Она спросила, как продвигается моя работа над «кулинарной» картиной.
– Пока между «средней готовностью» и «недожарено», – ответил я.
Мать засмеялась и сказала:
– Как хорошо, что Сам убедил тебя взять мобильный телефон.
Я назвал матери свой номер.
Она была холодна и собранна. Таково было ее обычное состояние.
Я пообещал, что снова позвоню ей послезавтра, в воскресенье, когда закончу портрет.
– Береги себя, Александр, – сказала мать.
– И ты себя береги, – сказал я. Спустившись вниз, я доел то, что осталось от ужина, а потом долго сидел возле хижины и думал в темноте о том, что еще сделать, чтобы портрет Зои Ланг полностью соответствовал тому, что я задумал. Главное – не слишком углубляться в серый цвет, не повредить контуры чересчур глубокими серыми царапинами, не забираться в глубину до самого холста, а лишь до слоя ультрамарина, так, чтобы морщины и дряблость кожи старого лица оказались смягченными, приглушенными, но в то же время не исчезли совсем, и тогда, если все это удастся мне, я завершу неуловимо-туманный портрет в серо-синих тонах. И зритель сумеет увидеть оба портрета – и внутренний, и внешний – порознь, в соответствии с избранным фокусом, или увидит их одновременно как интерпретацию того, что неизбежно сопутствует жизни: внешние изменения, предначертанные временем.

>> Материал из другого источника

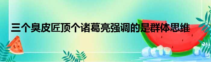 大家好,今天小六子来为大家解答以下的问题,关于三个臭皮匠顶个诸葛亮强调的是群体思维这个很多人还不知道,现在让我们一起来看看吧!

В ту ночь я спал урывками, то и дело пробуждаясь от тревожных сновидений. А утром я снова наблюдал, как проступает из редеющей темноты лицо Зои Ланг, и провел день за работой, не давая себе отдыха, пока от напряжения у меня не разболелись руки и шея. К концу второй половины дня я вплотную приблизился к тому пределу, за которым кончалось то, что я мог понять и выразить. Теперь портрету недоставало того же, чего недоставало и мне.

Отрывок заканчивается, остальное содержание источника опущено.